How do I verify bots that use multiple ASNs or cloud providers?
Check company's infrastructure documentation. Example: Google operates on AS15169 (primary) but also uses AS19425, AS36384, AS36385 (YouTube, Google Fiber, etc.). OpenAI primarily AS8075 (Azure) but may expand to other providers. Approach: Maintain list of known ASNs per company, accept request if ASN matches any. Fallback: DNS verification works across ASN changes (as long as company maintains reverse DNS records). Risk: Broad ASN allowlisting reduces precision (entire Azure might be allowed for GPTBot, catches legitimate OpenAI but also other Azure users spoofing UA).
Should I block requests that fail IP verification or just log them?

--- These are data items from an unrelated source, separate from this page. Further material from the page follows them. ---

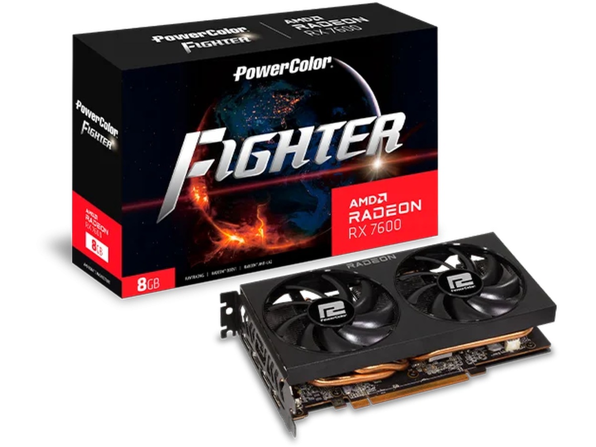 Som en indgangsbillet til at nyde gaming, er PowerColor Fighter Radeon RX 7600 grafikkortet udstyret med et dobbelt 90mm køleviftesystem, en køler med en forstørret varmeafledningsflade og et sæt varmeledninger, der direkte rører ved GPU'en for at forbedre varmeafledningen. Begynd at nyde dit gaming liv med PowerColor Fighter Radeon RX 7600!
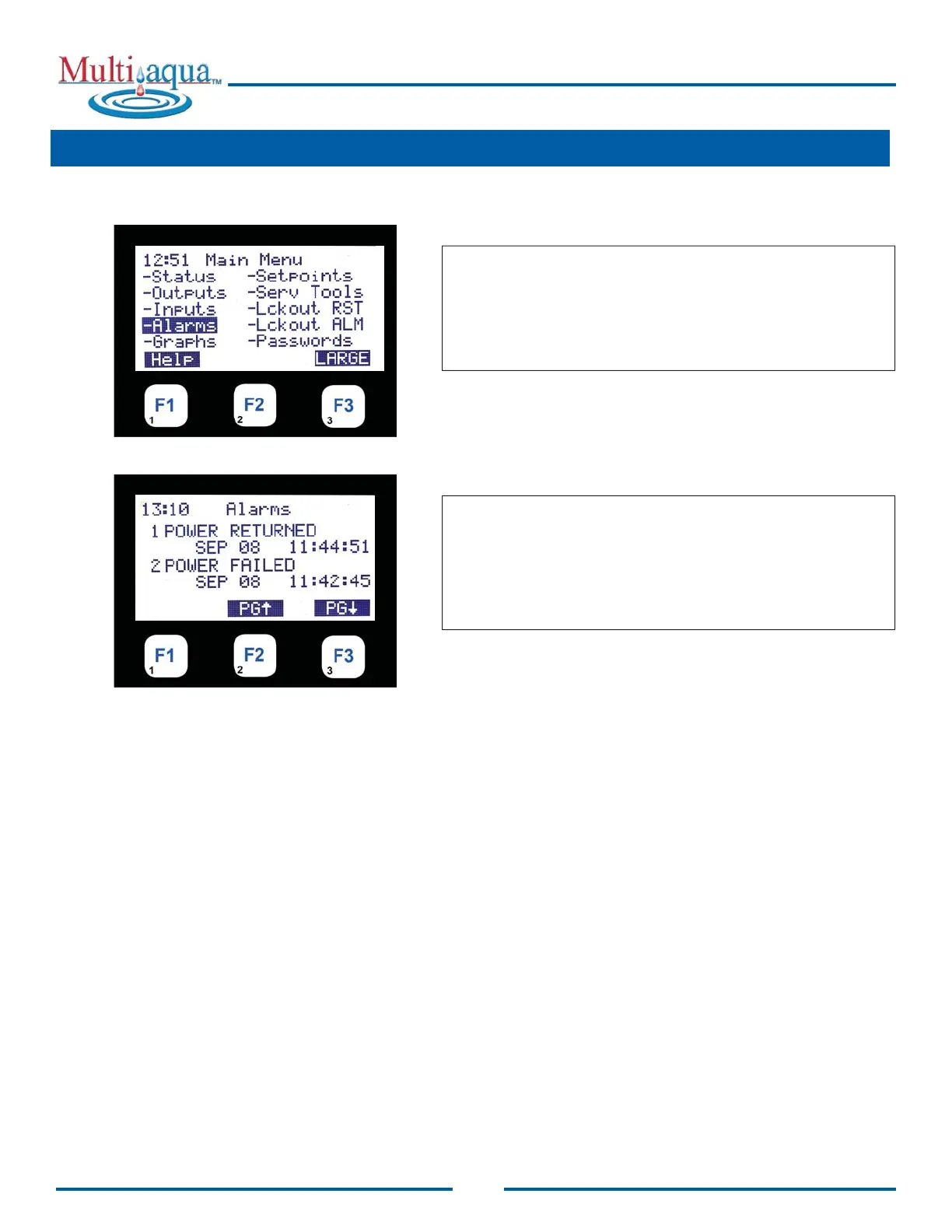 PAGE UP / DOWN DISPLAYS NEXT ALARMS
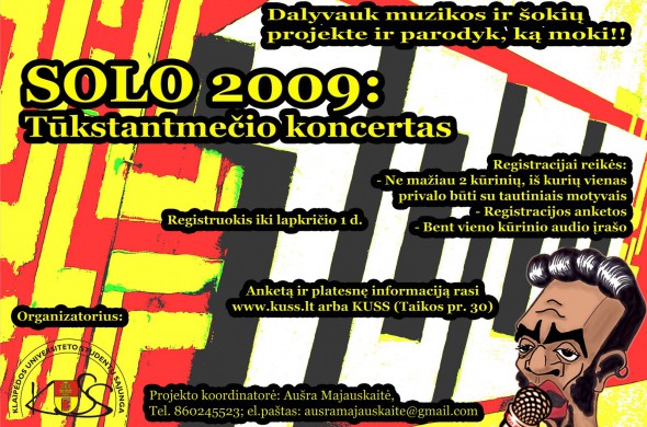 Jau ketvirtą kartą Klaipėdos universiteto studentų sąjunga organizuoja jaunųjų talentų paiešką. Nors paprastai į “Solo” pavadintą konkursą kviečiami muzikantai ir dainininkai, šį kartą laukiami ir šokėjai. Norintys dalyvauti turi būti sukūrę du kūrinius, užpildyti anketą (galima rasti www.kuss.lt) ir išsiųsti […]
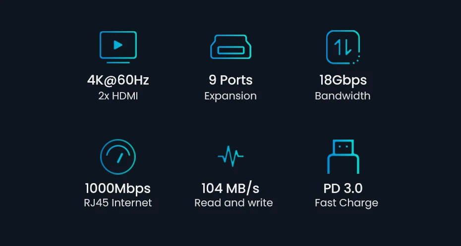 All functions expansion: RJ45 / 2*HDMI 4K60H / PD / SD / TF / 2*USB3.0 / USB2.0

Depends on security posture and false positive tolerance. High-security sites (paywalls, premium content): Block verification failures (protect revenue). Open sites (public content): Log failures, rate-limit suspicious traffic, challenge with CAPTCHA (balance security with access). Enterprise publishers: Implement graduated response (log first failure, rate-limit second, block third). Never auto-block on first failure (legitimate bot from new IP might be caught). Review logs weekly to identify patterns—if 95% of failures are malicious, tighten policy. If 30% seem legitimate (new IPs), loosen restrictions.
When Blocking AI Crawlers Isn't the Move
Skip this if:
- Your site has less than 1,000 monthly organic visits. AI crawlers aren't your problem — getting indexed by traditional search is. Focus on content quality and link acquisition before worrying about bot management.
- You're running a personal blog or portfolio site. AI citation of your content is free exposure at this scale. Blocking crawlers costs you visibility without protecting meaningful revenue.
- Your revenue comes entirely from direct sales, not content. If your content isn't the product (e-commerce, SaaS with no content moat), AI crawlers are neutral. Your competitive advantage lives in the product, not the pages.
Frequently Asked Questions
Should I block all AI crawlers from my site?
Not necessarily. Blocking indiscriminately cuts you off from AI-powered search results and citation traffic. The better approach is selective access — allow crawlers from platforms that drive referral traffic or pay for content, block those that only scrape without attribution. Start with robots.txt analysis, then layer in more granular controls based on your traffic data.
How do I know which AI bots are crawling my site?
Check your server access logs for user-agent strings containing GPTBot, ClaudeBot, Googlebot (with AI-related query patterns), Bytespider, CCBot, and others. Most hosting platforms expose these in analytics. If you lack raw log access, tools like Cloudflare or server-side middleware can surface bot traffic patterns without custom infrastructure.
Can I monetize AI crawler access to my content?
Some publishers are negotiating licensing deals directly with AI companies. For smaller sites, the practical path is controlling access (robots.txt, rate limiting, paywalling API endpoints) and measuring whether AI-sourced citation traffic converts. The pay-per-crawl model is emerging but not standardized — position yourself by documenting your content value and traffic patterns now.